Information Architecture (IA) is associated with how people cognitively process information in any Information systems. IA assists experts in the content structuring making it comprehensible and discoverable for the Information Systems users. An American architect and graphic designer, Richard Saul Wurman, is considered to be a founder of the IA field. Currently, there are many specialists working on IA development (https://www.iainstitute.org/what-is-ia).
Current WWW contains a massive amount of information which is hard to structure. Consider following facts:
- According to the executive summary published by IDC(https://www.emc.com/leadership/digital-universe/2014iview/executive-summary.htm, 2014), data is growing at a rapid pace and by 2020, the information generated by an individual person will approximate to 1.7 megabytes per second.

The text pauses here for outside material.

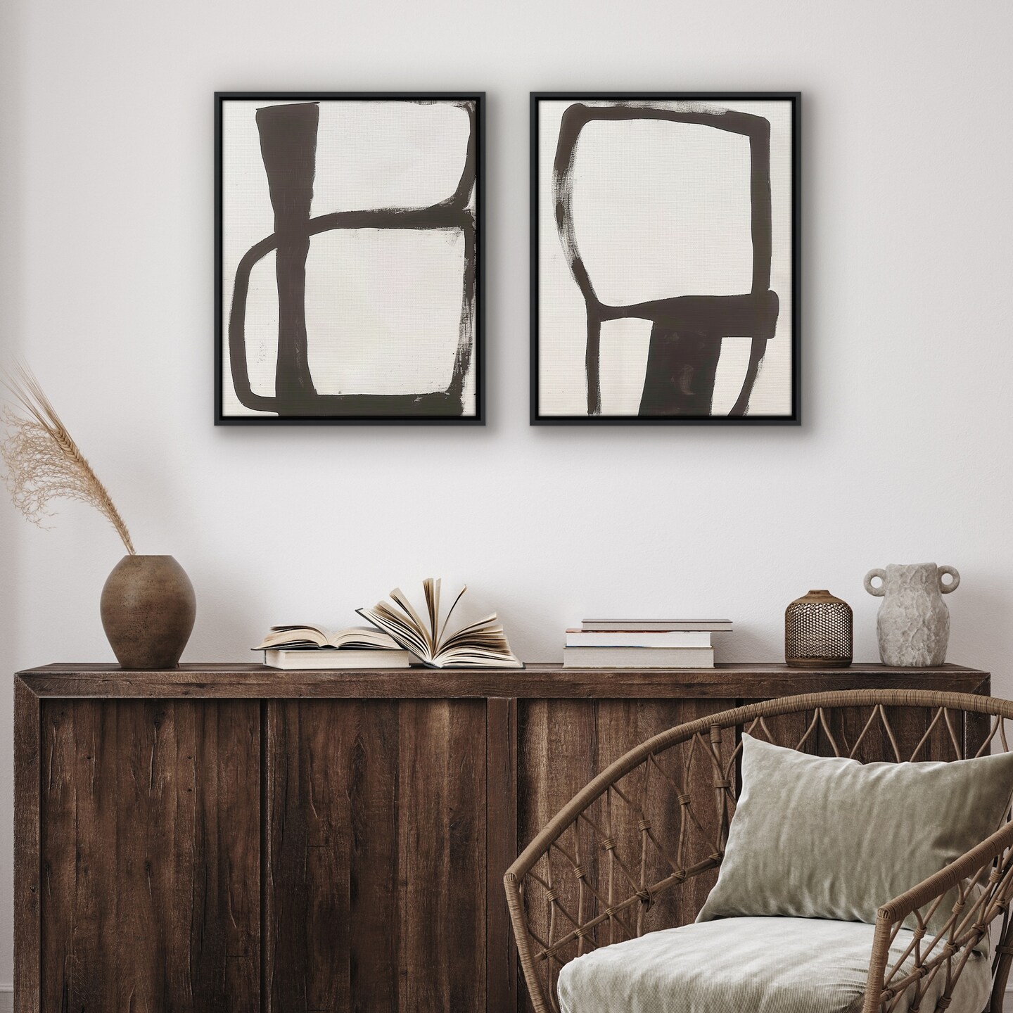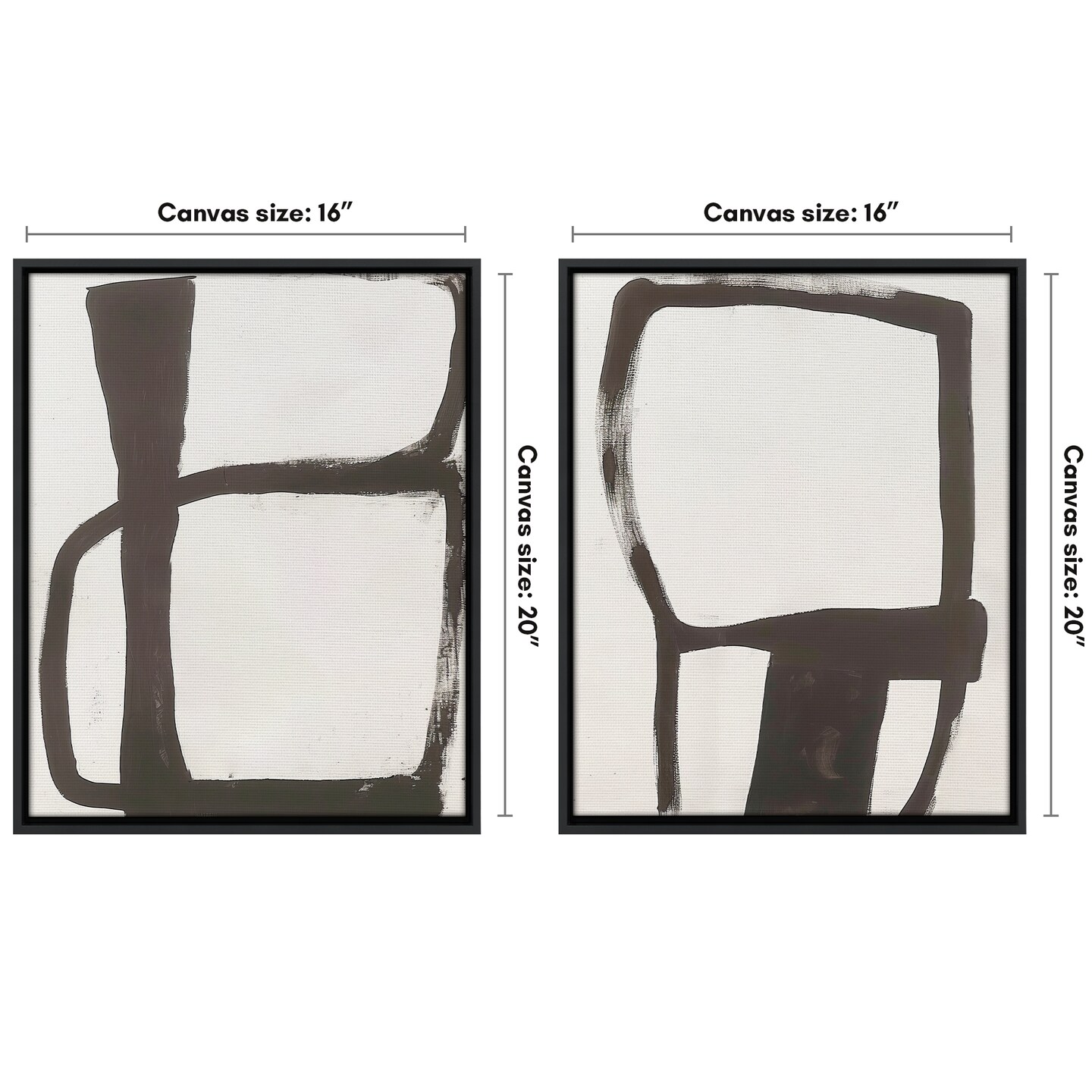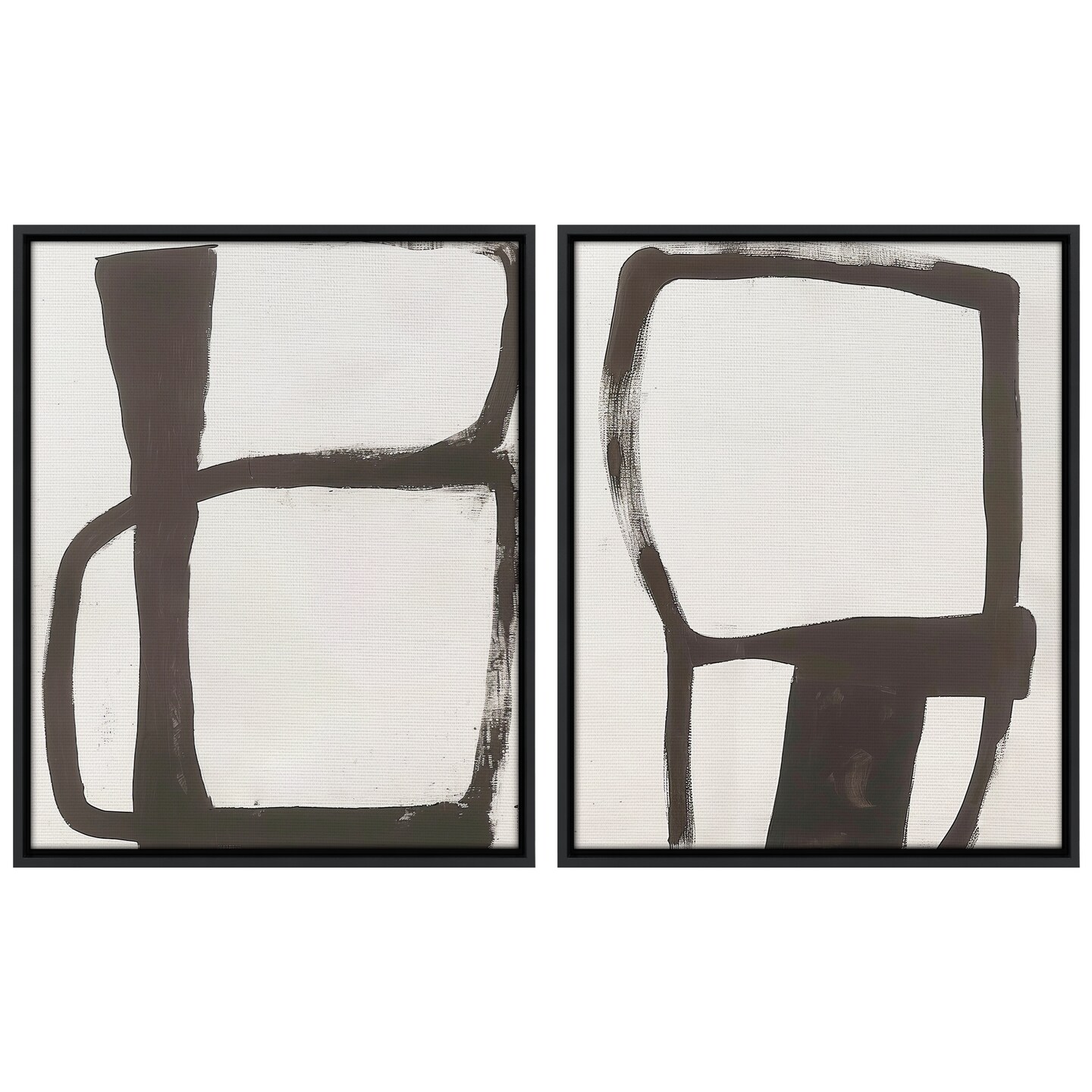 Americanflat Canvas Wall Art Featuring Black Geometric Brushstrokes - White Background - Set of 2 - Abstract Wall Art

- The same report says, by 2020, the accumulated volume of data will increase from 4.4 zettabytes to 44 zettabytes.
- According to a report by ZDNet in 2015, (https://www.zdnet.com/article/the-internet-of-things-and-big-data-unlocking-the-power/, 2015), data scientists originally predicted the volume of data to be doubled every two years reaching 40 zettabytes by 2020. The number later bumped to 44 zettabytes taking IoT into considerations.
- A report by Techcrunch(https://techcrunch.com/2015/06/02/6-1b-smartphone-users-globally-by-2020-overtaking-basic-fixed-phone-subscriptions/, 2015) reports there will be 6.1 billion smartphone users by 2020.
- According to CISCO (https://www.cisco.com/c/en/us/solutions/internet-of-things/overview.html, 2015), in just five years, the quantity of smart connected devices will be more than 50 billion.
These statistics reveals prevalence of data and information available today in terms of smartphones, IoT, activity monitoring systems, and other Internet-enabled devices. IoT and smart sensors powered ambient technologies have started to make our life better in many ways, however, it also introduces tremendous challenges. With such massive information available in place, it becomes complex to store, find and understand information readily. IA is the design principle that is inclined on making information discoverable and comprehensible. It solves information explosion by two different perspective:
- It reveals that our products and services are received as places made of languages.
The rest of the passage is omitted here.